Recitals, Incorporation, Time. The recitals to this Agreement are a part of this Agreement for all purposes and are true and accurate in all respects. All times specified in this Agreement will be measured by Phoenix, Arizona local time.

 

2.
Specific Defaults. Each Borrower expressly acknowledges the occurrence and existence of the Specific Defaults.

 

3.
Forbearance Period. Subject to each Borrower’s continuing compliance with the terms and conditions of this Agreement, Lender will forbear from exercising the remedies available to it based on the Specific Defaults from the date hereof through the earlier of (a) in Lender’s sole discretion, at any time after a breach or default by a Borrower under this Agreement or any Event of Default under any other Loan Document (other than the Specific Defaults) or (b) 11:00 AM on January 17, 2025 (hereinafter, such period is the “Forbearance Period”).

 

4.
Joinder Agreement. As a condition to the effectiveness of this Agreement, ACM will execute and deliver to Lender, a Joinder Agreement in form and substance acceptable to Lender, which Joinder Agreement will have the effect of adding ACM to the credit facility evidenced by the Loan Document for all purposes.

 

5.
Modifications to Loan Agreement. As of the Forbearance Effective Date, each Borrower and Lender agree that the Loan Agreement is amended to (a) delete the stricken text (indicated textually in the same manner as the following example: stricken text) and (b) to add the double-underlined text (indicated textually in the same manner as the following example: double-underlined text) as set forth in the pages of the conformed copy of the Loan Agreement attached hereto as Exhibit A.

 

6.
13-Week Cash Flow. On or before December 8, 2023, Borrower will prepare and deliver to Lender a thirteen-week budget of cash flows for the thirteen-week period commencing Saturday, December 2, 2023 (the “Cash Flow Projections”).

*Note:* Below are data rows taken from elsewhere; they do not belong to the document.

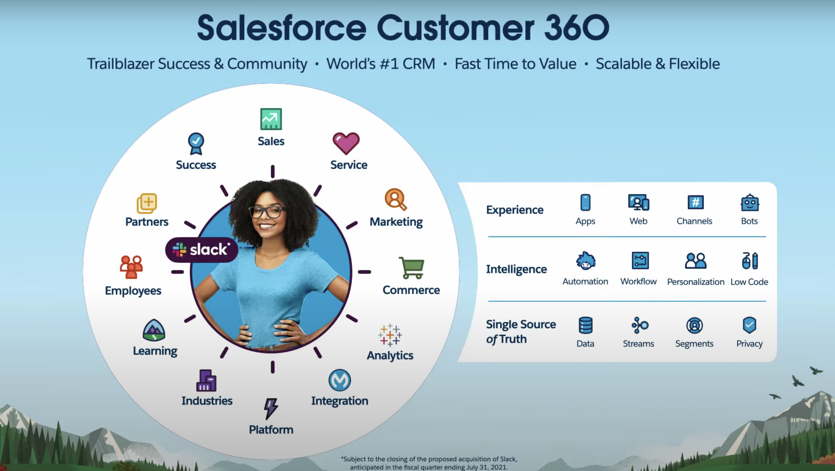 세일즈포스는 2019년 부터 Salesforce Customer 360 를 강조하고 있습니다. 고객의 데이터를 중심으로 세일즈포스의 모든 어플리케이션을 통합하겠다는 전략입니다. 올해 더 강조된 것은 슬랙을 Customer 360 포트폴리오에 포함시킴으로써, 온라인 공간에서 활동하는 고객과 직원들의 모든 데이터를 Customer 360 에 통합시키겠다는 포부를 밝혔습니다.
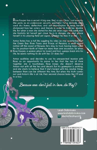 A fast-paced and fun sports and spy romantic comedy...let the games begin! Rose Kasper has a secret. A big one. She's a spy. Okay...not exactly. She works as an undercover security specialist. For a decade, she's used dry humor, deflection, and self-deprecation to keep herself distanced from her sisters and friends in order to hide her double life. But when a man she dated for the job years ago-the same man she foolishly let herself get close to-is in danger, she must place herself in his playing field yet again. Whether he likes it or not. Anton Bates has a full life juggling his roles as star quarterback of the Green Bay River Foxes and Prince of Penwick, a small island nation off the coast of Norway. He's slow to trust, having been used for his position-both of them-on more than one occasion. So when Rose Kasper, a woman whom he loved and lost, sweeps back into his life, he wants nothing to do with her. Or does he? Anton audibles and decides to use his unexpected reunion with Rose as an opportunity to prove to her that the two of them together are a touchdown. Rose knows she doesn't deserve Anton-not with all the lies and deceit. But his gameplan is working, and she starts to believe that if she's honest with him, maybe things between them can be different this time. But when the truth comes out and Anton's life is at risk, their second chance looks like it'll end in a loss. Because exes don't fall in love...do they? (Exes Don't is the third book in the Fall In Love series, which follows three sisters as they find love after moving across the country to the small town of Cashmere Cove, Wisconsin. This is a closed door romcom with plenty of sizzling chemistry and romantic tension, but no spice. Exes Don't is a standalone book, but it's best enjoyed after reading Friends Don't and Enemies Don't.)
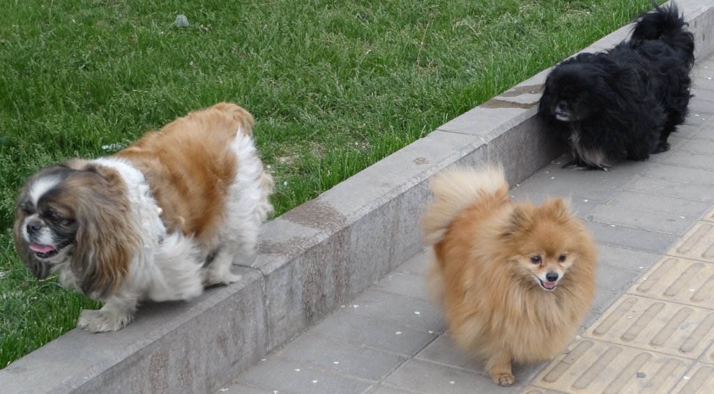 I was walking down the street and passed a woman out walking her three dogs. There are an abundance of small spaniels, pekinese and pomeranian type compact pooches here. Considering the small living quarters and tiny court yards in the hutongs (older Chinese neighborhoods) it makes perfect sense and evening dog walking is a common site.
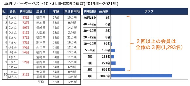 車泊利用者(軒先パーキング登録会員)を見ると、2019年~2021年の3年間で2回以上の会員は全体の3割でリピーター上位10名(キャンピングカーユーザー)の平均年齢は52歳、車泊利用地は平均12ヶ所と九州の上位ユーザーは車泊周遊を楽しまれていることがわかります。
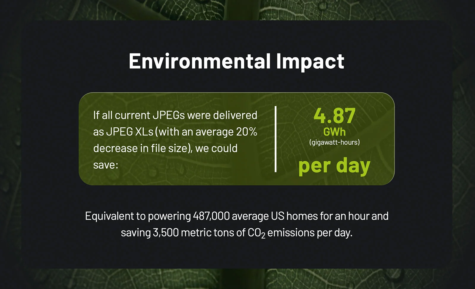 *JPEG-XL ลดขนาดไฟล์ได้ 20% ลดการใช้พลังงาน 4.87 GWh ต่อวัน ลดการปล่อยคาร์บอนได้ 3,500 ตันต่อวันได้ด้วย!
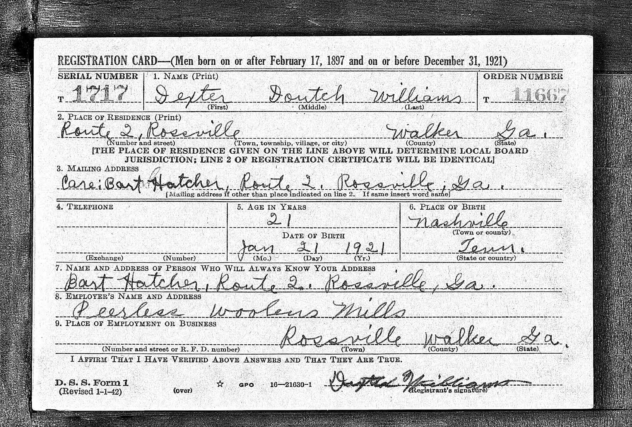 Dexter Dantch Wiliams was born in Nashville, Tennessee to Edward James Williams and Maggie Rhea Byrd. He was married to Hazel Lee Williams but they filed for divorce in 1943.
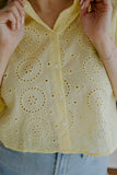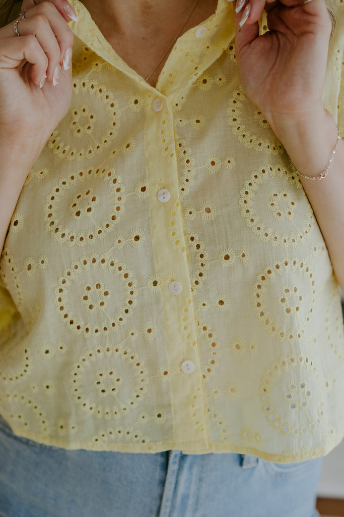Talk about a Spring staple, this eyelet blouse adds the perfect touch of girly! The collared neckline and button details set this blouse apart, making it the perfect piece for photo-shoots, date night, or brunch with the family! Wherever you wear it, you'll look forever fabulous!

Thereafter, each Tuesday at or before 11:00AM, Borrower will deliver to Lender in form and substance acceptable to Lender (a) a “Budget to Actual” comparison for the calendar week ended the immediately preceding Friday (the “Friday Close”) on a line item and aggregate basis, and (b) an additional week of budgeted cash flows for the one-week period commencing immediately after the then last-budgeted Friday Close, such that the Cash Flow Projections shall always include thirteen weeks of projections and analysis (each such additional week being a “Cash Flow Projection Add-On”). Each weekly “Budget to Actual” comparison will be certified as true and correct in all material respects by the Chief Financial Officer of each Borrower, and each Cash Flow Projection Add-On will be certified as Borrower’s good faith projection of cash flows for such add-on period by the Chief Financial Officer of each Borrower.

 

7.
Field Exam. Lender will conduct an internal field exam of Borrowers contemplated to be commenced on or about February 1, 2024. Each Borrower will fully cooperate with Lender’s field examiners and other professionals and will promptly provide Lender (or its nominees) such information, access and verifications it reasonably requests in connection with each such exam. The Borrowers will be responsible for reimbursement of Lender’s actual out-of-pocket costs and expenses in connection with such exam, including without limitation, Lender’s standard per diem charge for internal audit personnel.

 

8.
Office Building Sale. Borrower is contemplating the sale of the office building located at 131 S. Clark Drive, Tempe, Arizona 85288 (the “Arizona Office Building”). In the event of a sale of the Arizona Office Building, at closing, Borrowers will cause not less than fifty percent (50%) of the net sales proceeds of such transaction to be funded directly to Lender for application against the outstanding principal balance of the RLOC.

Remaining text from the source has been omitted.